Darboğaz genellikle dokunamadığımız eski bir CMS'ydi veya tasarım düzenine bağlı olduğu için içerik yapısını oluşturmanın zaman almasıydı. Bu genellikle işin iki katına çıkmasına neden oldu: Genellikle Markdown dosyalarından ayrıştırılan içeriğe dayalı bir HTML prototipi yaptık, bu, kullanıcı testi tamamlandığında CMS yığınında yeniden uygulanması gerekiyordu ve herkes piksel kadar mutluydu. . CMS'deki sınırlamalar, sürecin sonlarında keşfedildiğinden, bu genellikle pahalı bir süreçti. Ayrıca tüm parçalar üzerinde "ilk seferde doğru yapmak" için baskı yaratır ve bir tasarım projesinde isteyeceğiniz türden deneyler için daha az alan bırakır.

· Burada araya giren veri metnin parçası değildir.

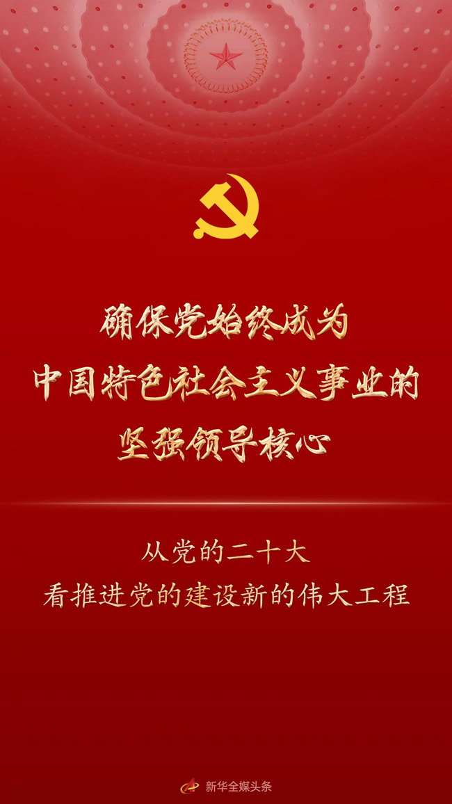新華社北京10月21日電 題:確保黨始終成為中國(guó)特色社會(huì)主義事業(yè)的堅(jiān)強(qiáng)領(lǐng)導(dǎo)核心——從黨的二十大看推進(jìn)黨的建設(shè)新的偉大工程

Çok Disiplinli Çalışma Çevik Sistemler Gerektirir
Bir içerik modelini (alanların ve API'nin anında hazır olduğu) kodlamanın dakikalar aldığı bir SCMS'ye geçmek, sürecimizi alt üst etti - ve daha iyisi için. Projenin ilk günlerinde yeni u4.no'nun içerik editörüyle oturduğumu hatırlıyorum. Nasıl çalıştıkları ve içerikleriyle çalışmak istedikleri hakkında konuşmak. Oldukça hızlı bir şekilde, sonuçlarımızı tarayıcıda anında bir düzenleme ortamına dönüştürülen basit JavaScript nesnelerine çevirdik. Başlıklar için faydalı başlıklar ve açıklamalar bulmak. Farklı sayfalarda ve bağlamlarda yeniden kullanabilecekleri, kurum içinde "nuggets" adını verdikleri ve daha sonra orada oluşturduğumuz metin parçacıklarını nasıl istedikleri hakkında konuştuk.
Arayüz önümüzde yapılırken bir içerik editörü ve bir geliştirici birlikte konuşurken bu tür bir araştırmaya proje geliştirmenin başlarında izin vermek güçlü hissettirdi. O ve meslektaşları içerik üzerinde çalışmaya başlarken, React'te ön ucu tasarlamaya devam edebileceğimizi bilerek. Ve yapının ön uç kısmını nasıl kodlamanız gerektiğiyle sıkı bir şekilde birleştiği CMS'lerde sık sık yaptığımız gibi, kendimizi bir köşeye boyamaktan endişe etmiyoruz.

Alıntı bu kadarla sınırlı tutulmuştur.